Aslında galiba devrimciliği ve gelenekçiliği yan yana getiren, modernizmin doğaya ve insana yaklaşımını kökten değiştirecek nihilist olmayan yeni bir hareket de ekolojiyi merkeze alarak gelişiyor. Ne bildiğimiz anlamda muhafazakâr, ne de bildiğimiz anlamda ilerlemeci, ama hem gelenekçi, hem de ilerlemeci. İklim aktivistlerinin ön planda olduğu bu yeni küresel ekolojik siyasi hareketlerin felsefesine bakınca, ne tipik muhafazakârlar gibi eski dünyaya dönmek istiyorlar, yani mağaralara dönüp teknolojiden uzak bir hayat tahayyül ediyorlar, ne de ilerlemeciler gibi dijital ütopyaları arzuluyorlar. İstedikleri şey aslında çok basit, insanı doğanın efendisi olma arzusundan vazgeçirmek. İnsan doğanın efendisidir şiarını terk ederek, doğayla ve diğer canlılarla bir tür barışı hayata geçirmek. Bu bir bakıma insanın doğayla değil de doğanın bir parçası olan insanla ve doğaya hükmetmeye çalışan insan arasında gerçekleşen bir müzakere gibi görünüyor. Bunun yansıması, diğer insan grupları ve kültürleriyle de bir müzakere anlamına geliyor. Bu anlamda insanın doğayla ve tarihle kurduğu ilişkilerin kökten değişmesi anlamına geliyor. Aslında Italo Calvino’nun dünyanın kurtuluşu için önerdiği ‘Genel Ahlaki Devrim’ dediği şeye denk geliyor bu durum; iktidar ya da güç mücadelelerinden bağımsız, her şeyi kökten değiştirecek ahlaki bir değişim… Ama sorun şu ki, bu değişimin sistemin içinde gerçekleşecek bir değişim değil, ekolojik değişime sıcak bakan devletler, hatta şirketler bile var. Örneğin karbon emisyonlarıyla ilgili sınırlama ve yasaklar getiriliyor, çevreye az zarar verecek şekilde üretimler yapılabiliyor vs. Ama böylesi bir değişim çok yavaş ve iklim aktivistleri durumun aciliyetiyle ilgili sürekli uyarılarda bulunuyorlar. Var olan ekonomik yapı, kâr döngüsü ve hırsı, bu değişimi her zaman sınırlı düzeyde tutacak gibi görünüyor. Bizim yeni bir bakışa ihtiyacımız var, verili olan düşünce sistemleri ve önkabullerden çıkmamıza yardımcı olacak ahlaki bir dönüşüme. Bunu, doğa ve tarih temelli bir ekolojik anlayışla gerçekleştirebiliriz, ucu açık bir biçimde doğayı ve tarihi yeniden tanımlayarak. Yoksa bu belirsizlikler ve karanlık içinde rotasını yitirmiş, oradan oraya savrulan, otoriter ve totaliter rejimlerin hoşuna giden nihilistik bir atmosfer içinde distopik gelecek tahayyülleriyle oyalanıp duracağız.

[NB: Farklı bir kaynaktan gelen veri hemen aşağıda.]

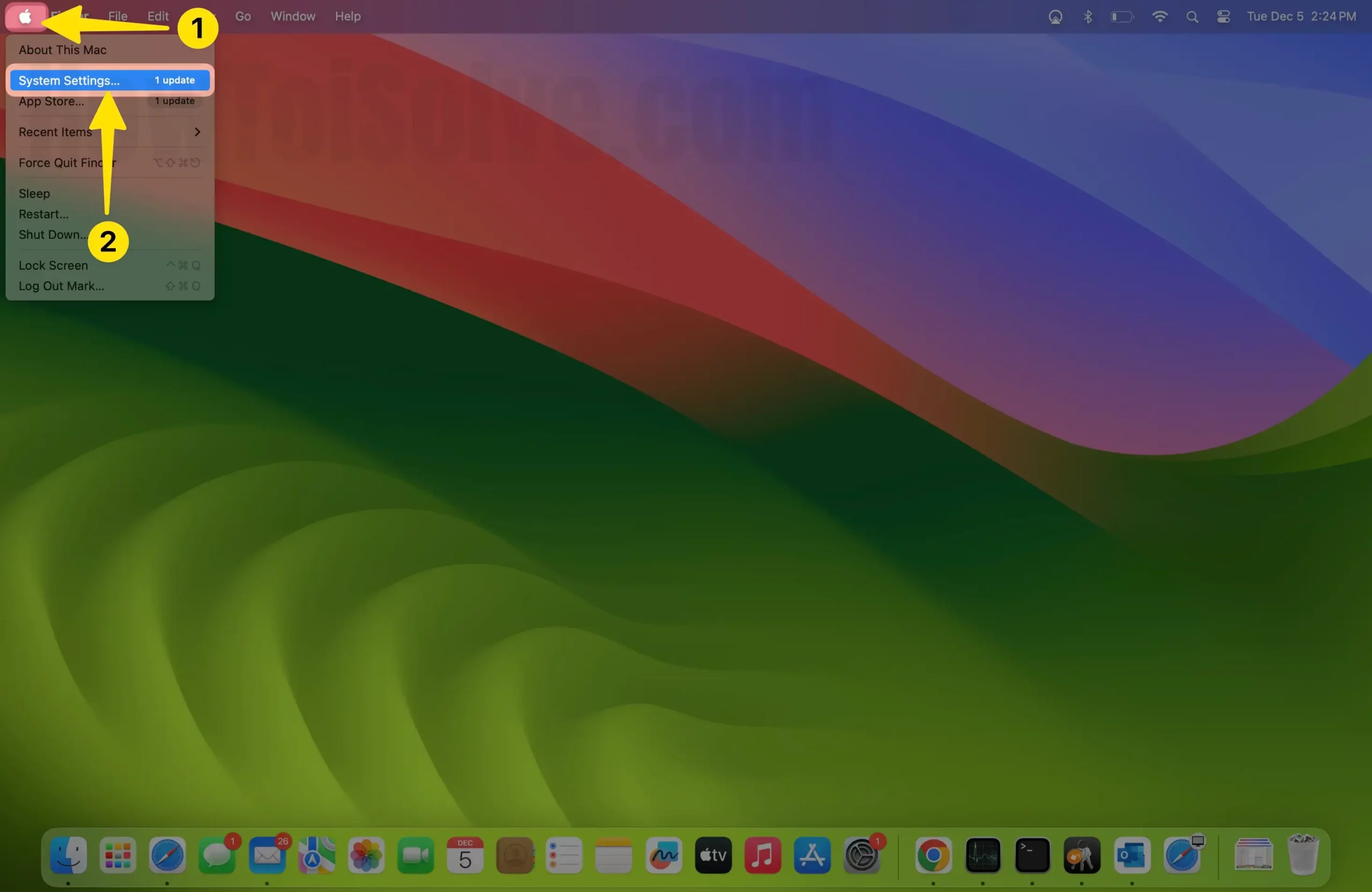 1. Click on the Apple Logo and select System Settings… on Mac.

Alain Badio, seminerlerinden birisinde, modern dünyada gerçek bir uygarlığın olmadığını söylemişti. Bu yüzden modern dünyanın sadece değişim ve yaşam mücadelesinden ibaret olduğunu... Uygarlık yoksa, geleneğin de olamayacağını; geleneğin sadece statik, baskıcı ve muhafazakâr yüzüne tanık olduğumuzu... Yeni geleneğin dinle değil, felsefeyle mümkün olabileceğinin altını çizmişti. Yeni bir uygarlık anlayışının ancak bu sayede mümkün olabileceğini… Değişime dair düşüncelerin değişmesine ihtiyaç var.